Я извлек ее, это была записка. Тусклые уличные фонари давали немного рассеянного света через стекла такси, но мне удалось прочитать.
Варя написала свой домашний и рабочий телефоны, а потом ровным безупречным почерком было выведено: «Позвони мне, или ты пришел к отцу, а не ко мне? Чем он так тебя заинтересовал? Кажется, я знаю, чем…».
Листок кончился, и сердце у меня екнуло… Неужели Варя догадалась? Но продолжение записки оказалось на другой стороне листочка. Я перевернул бумажку и прочитал: «Ты тоже хочешь стать писателем детективов!». И рядом пририсовано сердечко — эдакий советский смайлик. Других смайликов в Союзе пока не было. Были только сердечки — треснутые, плачущие, улыбающиеся и пронзенные стрелой.
До гостиницы я доехал по пустынным улицам минут за пятнадцать. В холле «Севера» встретил старую знакомую администраторшу. Елена Петровна заваривала чай прямо на рабочем месте.
— Андрей Григорьевич, — окликнула она меня. — Не хотите чаю?

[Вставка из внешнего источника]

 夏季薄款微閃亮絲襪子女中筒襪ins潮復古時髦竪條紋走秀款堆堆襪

«С чего бы такая щедрость?» — подумал я про себя, а вслух проговорил:
— Спасибо, но уже поздно, и так задержался, жена ругаться будет.

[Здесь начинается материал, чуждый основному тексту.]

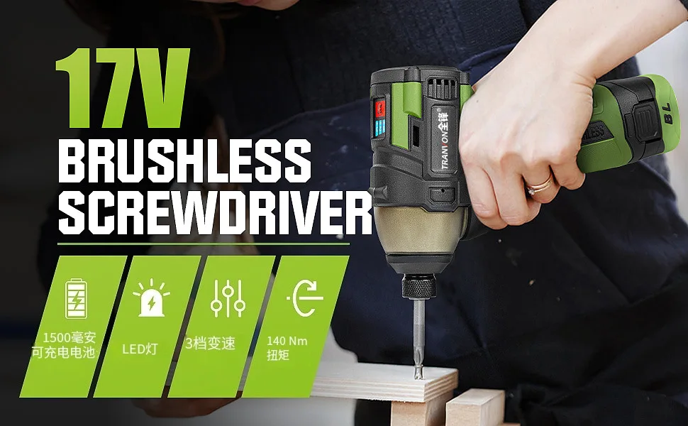 Cordless Brushless Electric Impact Drill 140N.m with Metal Ratchet Chuck
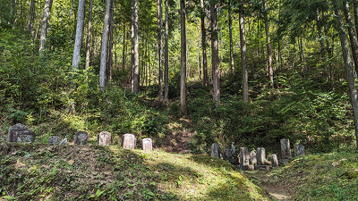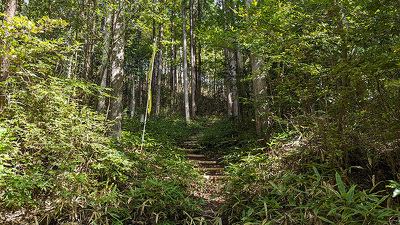 かえでホールの南西200m道沿いに登城口(表示あり)
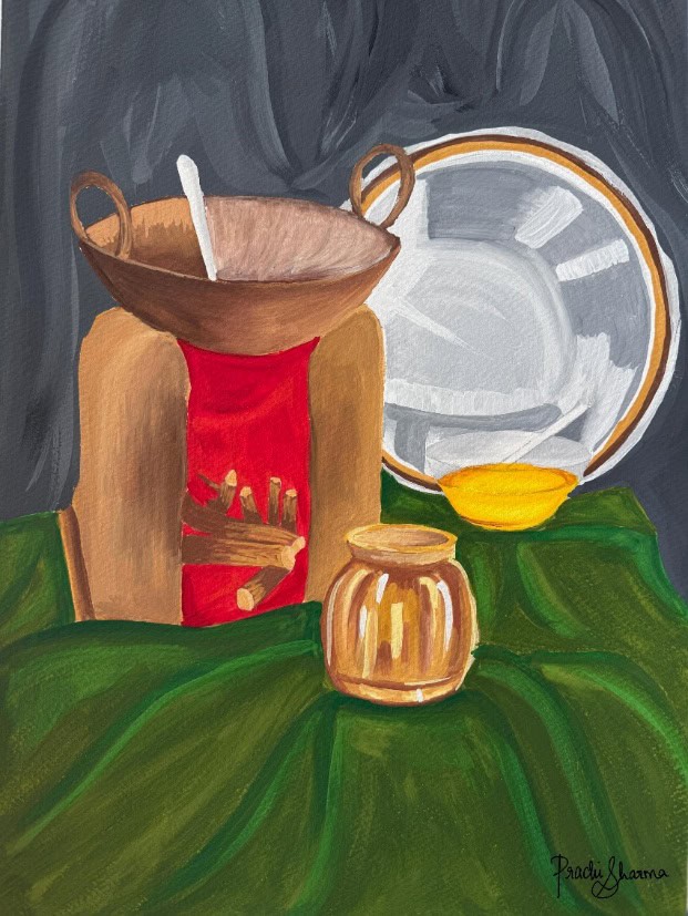 This still life painting brings together elements of tradition and simplicity. The earthen pot on the chulha symbolizes warmth and heritage, while the golden jar reflects the play of light. A glass plate with a hint of yellow adds depth and contrast. The rich green fabric draped beneath the objects enhances the composition’s vibrancy. The detailed brushwork highlights textures, from the smooth surface of the jar to the rough wood of the chulha. It is a tribute to everyday objects that hold cultural significance.
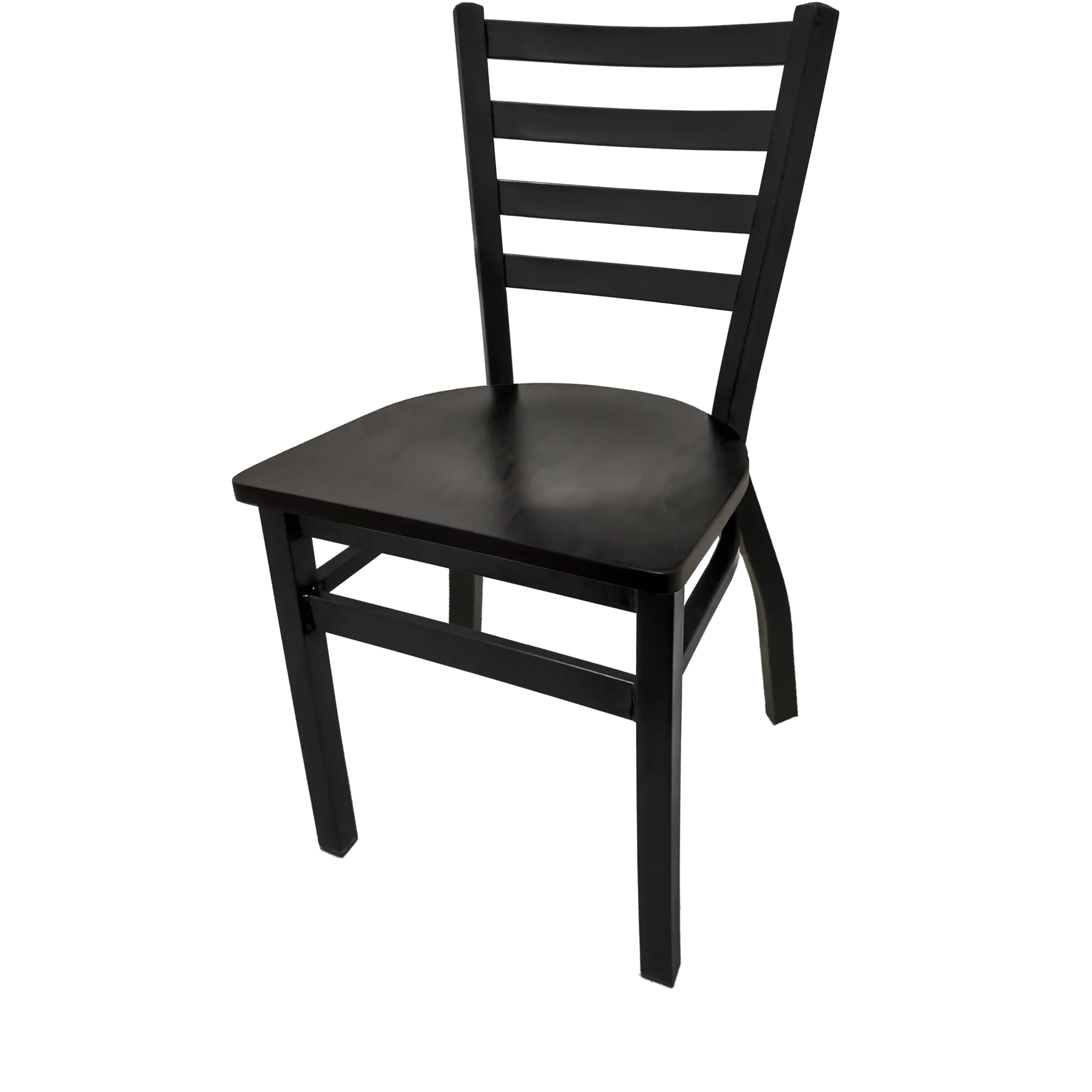 Invest in exceptional seating with the Oak Street ST2160-WB Chair. Designed for commercial restaurant use, this stackable ladderback chair combines style and durability to enhance any dining space. The chair features a black stain wood seat and a premium black powder coat finish, ensuring long-lasting quality. Its 1.2mm steel frame and 1-1/4" tubing provide robust support, while the 100% welded frame and footring add stability. With two leg supports and non-marring glides, this chair is built to withstand the demands of a busy restaurant environment. The seat ships unattached from the frame, but simple attachment is required. With a maximum stacking height of 5 chairs, this chair is easy to store when not in use. Elevate your restaurant's ambiance and comfort with the Oak Street ST2160-WB Chair.
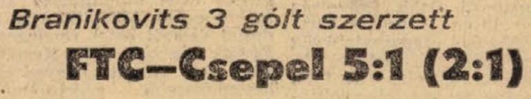 „Nem volt sétamérkőzés a Ferencvárosnak ez a mérkőzés. Az első félidőben a BSzKRT nagyszerűen tartotta magát és gól nélkül tudta kihúzni. Fordulás után aztán, amikor a zöld-fehérek nagyon rákapcsoltak, egy-kettőre eltüntette a villamos csapatot a pályáról. Pedig lelkesedésben ekkor sem volt hiba náluk. A Ferencváros jól játszott, csak egy kissé könnyen vette a mérkőzést. Látszott, hogy biztos a győzelemben és amikor komolyan vette, akkor hamarosan eldöntötte a mérkőzés sorsát. Jól működött a gépezet, különösen a védelem játszott kitűnően. A támadósor a tizenhatosig sok szép vezetett, de a kapu előtt szünet után boldogultak.” (1944 – BSzKRT)
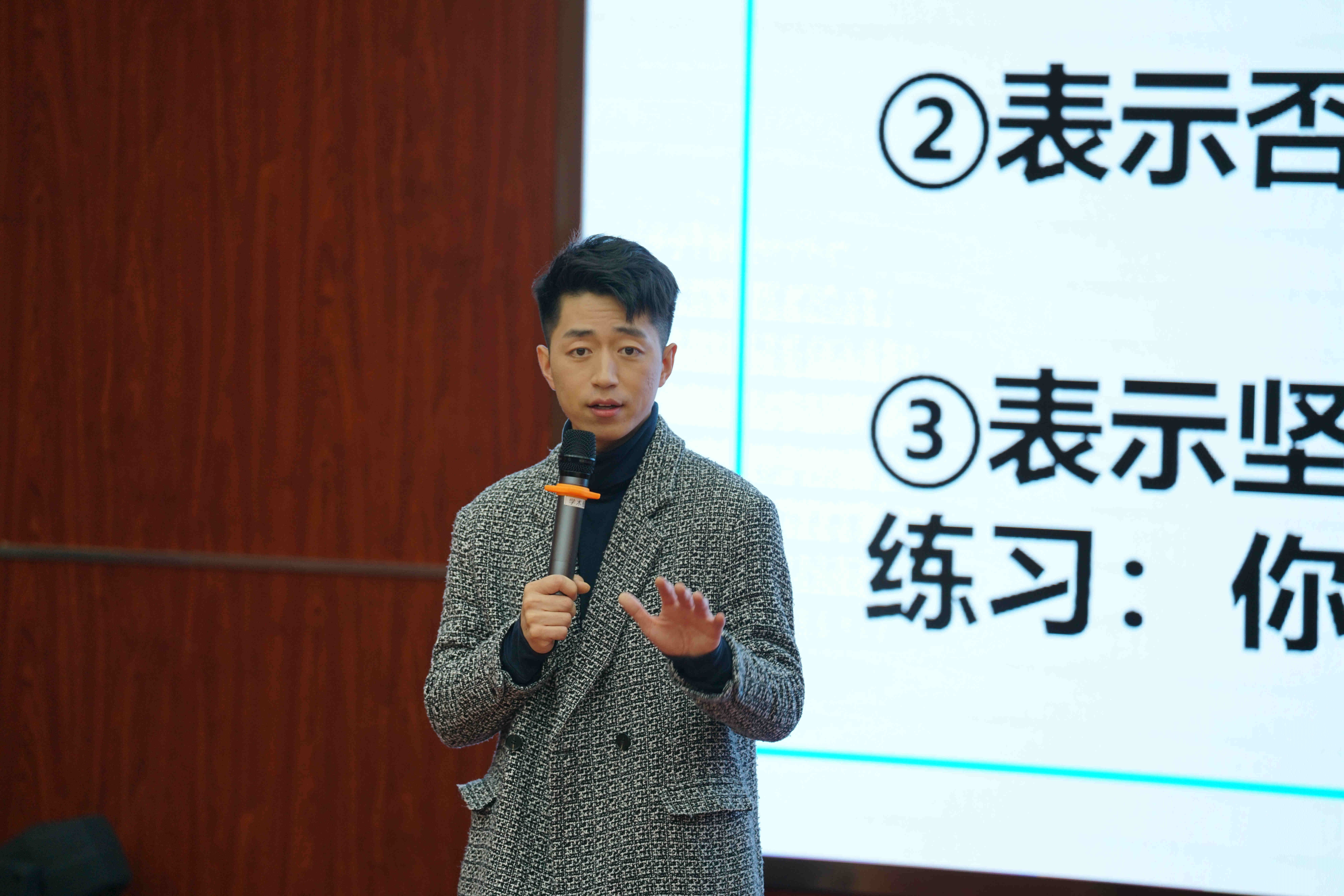 讲座现场,范亮老师围绕“从学技巧、用技巧到丢技巧、藏技巧,如何实现真感受——语言重塑的实践旅程”主题,结合自身经历,用轻松愉悦的方式进行现场教学,从播音员主持人必备的六种能力讲起,通过“停连”“重音”技术的运用,向关注“语气”“节奏”两个外部技巧转移,在朗读过程中要摒弃“习惯性积极表达”“习惯性朗诵腔”“习惯性断句”“习惯性给重音”“习惯性新闻腔”等习惯,应归回思想感情的感受层面,从情景再现、对象感、内在语三个内部技巧,对语言文字展开深刻理解、充分想象和具体感受,从而使有声语言表达更加生动传神。范亮老师表示,艺术来源于生活,我们的感受力要从生活中的点滴小事汲取。通过提气,表情、手势、姿势不断变化等方法提升主持技巧,达到理论与实践的巧妙结合。

Слово «жена» я выделил специально, так как уловил исходящие от Елены Петровны непонятные флюиды. Чтобы пресечь ее поползновения, напомнил, что я не один в номере проживаю. Но, возможно, администраторше было нужно не мое мужественное тельце, а нечто иное. Она нисколько не смутилась моим ответом, позвала меня:
— Можно вас на минуточку? Я спросить хочу.
Я подошел к стойке:
— Спрашивайте…
— Говорят, Анжелу Павловну Корвину убили, прямо на собственном юбилее. Какая была женщина, золотой души человек…
— А в чем вопрос?
— Вы не нашли убийцу?
— А почему вы решили, что этим делом мы занимаемся?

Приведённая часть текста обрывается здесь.